#### https://stackoverflow.com/questions/4598572/facebook-api-how-to-get-count-of-group-members?noredirect=1&lq=1

## Major Challenges:
  -No way to query for a simple COUNT of total group members. Have to keep querying until you run out.
  
  -No guarantee on true randomness of query results, which breaks capture-recapture. Have to do an in-memory/streaming sample.
  
  -Don't know how to reliably generate a Facebook User Access Token that lasts forever. Have to go through API Explorer.


## Initialization/Constants:

  -Obtain a new API key each time from: https://developers.facebook.com/tools/explorer/145634995501895/?method=GET&path=227570797388782%2Fmembers%2F&version=v2.10 Use the "Get Token" button in the top right. Not sure how to prompt it from python code.

## Todo:

  -Implement more complex mark and recapture techniques
  
  -Clean up code -- split into more functions
  
  -Incorporate Panos' propensity model

In [1]:
import pandas as pd
import json
import requests 
import random

In [2]:
access_token = r"EAACEdEose0cBAI0lGIGLj2ffd6XIXIu7WZAG7uANnv34XAmD7YUAUENaVkOIZB4Fza4LZBdlz8dSsmMvVYeqsdzcDOaeIyAC7B8e0u9SxXFtASTZB9j8Ah9ivYZAOJiK6l9ObrzKT5gYF3ZCDZC6crDdqUDzim4Ef1iPD6ZAgfRnjEW1gPZBVOHvzjAonZCKNqJZC8ZD"
group_id = "227570797388782"  #Look this up from Facebook Group meta tags

In [3]:
def reservoir_sampler(data, num_samples, current_list = [], samples_seen = 0):
    '''
    This is a streaming sampling algorithm...
    Returns list of current state of samples, plus the number of elements it has seen so far.
    '''
    if samples_seen < num_samples:
        current_list.append(data)
    elif samples_seen >= num_samples and random.random() < (num_samples / float(samples_seen + 1)):
        #to guarantee that every data point has an equal chance of ending up in the current_list
        replace = random.randint(0,len(current_list)-1)
        current_list[replace] = data
    return current_list, samples_seen + 1

#if we haven't seen a sufficient number of samples yet, keep collecting -- if we have seen enough samples, 
#if the random sample is sufficiently low, we replace something in our current list with the new data,
#every new data point has an equal chance of ending up in our list

In [None]:
#observe activity from a certain period of time
#group 1 and two are based 
#bias to people discussing in the channel..compensate for different levels of activity
#lifetime --> what is the time difference between groups ...how does it change when activit periods move farther away

In [None]:
join groups and find new groups to get

In [4]:
def mark_from_group(num_to_mark, group_id, access_token, get_all_group_members = False, api_limit = 1500):
    '''
    Inputs:
        -num_to_mark: Number of samples to mark from group
        -group_id: Facebook Group ID
        -access_token: Facebook access Token
        -get_all_group_members: Boolean flag for whether or not to keep pulling for all group members
        -api_limit: Number of samples to pull each time.

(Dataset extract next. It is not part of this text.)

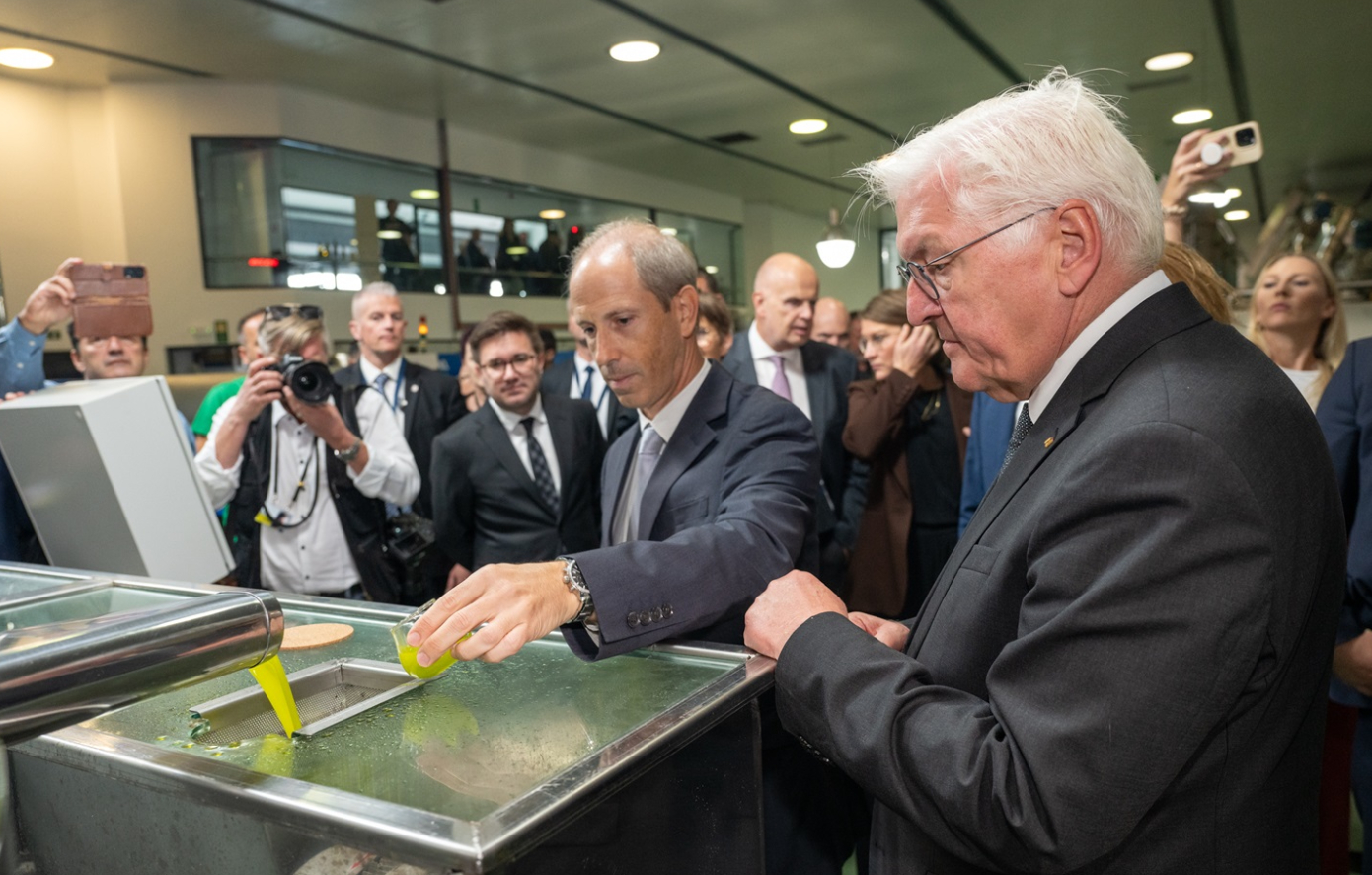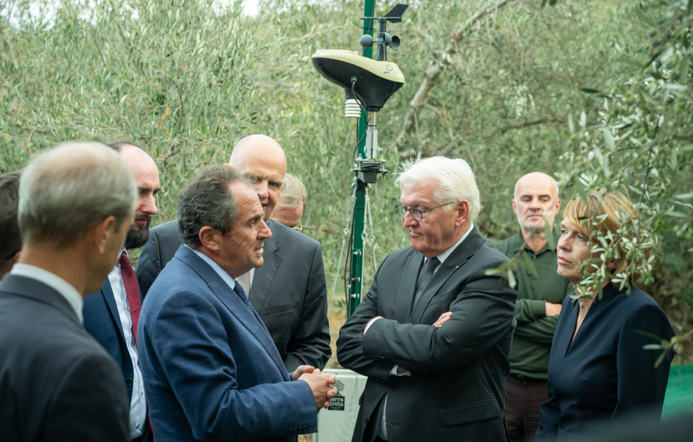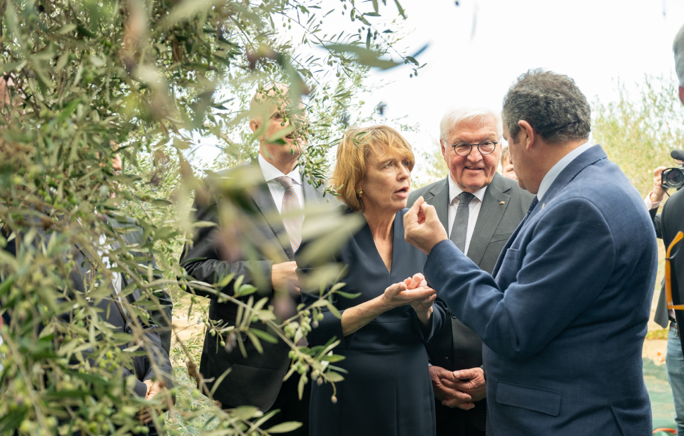 Ο Φώτης Σουσαλής, Olive Oil Plant & Sourcing Director της Melissa-Kikizas, υποδέχθηκε τον Γερμανό Πρόεδρο και τον ξενάγησε στις εγκαταστάσεις του υπερσύγχρονου ελαιοποιείου της Terra Creta, όπου περιηγήθηκαν στη γραμμή παραγωγής ελαιολάδου. Στη συνέχεια, είχαν την ευκαιρία να συνομιλήσουν με τους παραγωγούς της Ακαδημίας Ελιάς Terra Creta, μια πρωτοβουλία της εταιρείας που δημιουργήθηκε με σκοπό την αναβάθμιση της παραγωγής ελιάς και ελαιόλαδου, εκπαιδεύοντας τους ελαιοπαραγωγούς του τόπου στις πιο σύγχρονες πρακτικές με τη χρήση εργαλείων Ευφυούς Γεωργίας. Συνάμα, συζήτησαν σχετικά με την εφαρμογή των αρχών της αναγεννητικής γεωργίας στην παραγωγή ελαιολάδου, και μυήθηκαν στην ελαιογευσία του πολυβραβευμένου εξαιρετικού παρθένου ελαιολάδου Terra Creta.

CANNOT set more than 2000, 1500 to be safe. 
    
    Outputs:
        -Set() of "num_to_mark" samples -- contains IDs of members marked.
        -Total number of members of group
    '''
    base_url = r"https://graph.facebook.com/"
    request_url = base_url + r"v2.10/" + group_id + r"/members"
    parameters = { "access_token" : access_token, "limit" : api_limit }  #Max limit is about 2000 before it fails
#making the call from Facebook
    r = requests.get(request_url, params = parameters)
    
    #print(r.url)
    payload = r.json() #data I will get back out
    next_url = payload['paging'].get('next') 
    #if 'next' key exists, then they will give new url for next chunk of people
    #if the next_url field exits, it means there are more members in group
    data = payload.get('data') #returns none if it doesn't exist
    
    marked_samples = []
    num_seen = 0
    for person in data:
        marked_samples, num_seen = reservoir_sampler(person['id'], num_to_mark, marked_samples, num_seen) 
        #all we care about is ID, right?
        #only first 1500 people
    
    if get_all_group_members:
        while(next_url is not None):  #can be dangerous, code might run for a very long time!!
            r = requests.get(next_url)
            payload = r.json()
            data = payload.get('data')
            next_url = payload['paging'].get('next') #reasigned so that it can account for every group member

            for person in data:
                marked_samples, num_seen = reservoir_sampler(person['id'], num_to_mark, marked_samples, num_seen)

    return (set(marked_samples), num_seen)

In [9]:
#Capture (first sample) 
first_group, true_group_size = mark_from_group(250, group_id, access_token, True, 1500) #TRUE to get all group members

In [10]:
#Re-Capture (second sample)
second_group, true_group_size_2 = mark_from_group(250, group_id, access_token, True, 1500)

In [11]:
#Estimating Group Size

def lincoln_estimator(initial_group, recaptured_group):
    intersect = set.intersection(initial_group, recaptured_group)
    print("Intersection size: ", len(intersect))
    return len(initial_group) * len(recaptured_group) / len(intersect)

estimated_group_size = lincoln_estimator(first_group, second_group)
print(estimated_group_size, true_group_size)
print("Error: ", (abs(estimated_group_size - true_group_size) / true_group_size)* 100, "%" )

Intersection size:  11
5681.818181818182 6180
Error:  8.061194468961457 %


In [None]:
#next step would be implement
#isnt a simple way to pull everyone
#have to do it a chunk at a time
#got help with brother for the random sampling part
#have this data that comes in one chunk at a time
#what kinds of visualzations do we need?
#more complicated estimator?

#add requests.get(url) get the user based upon the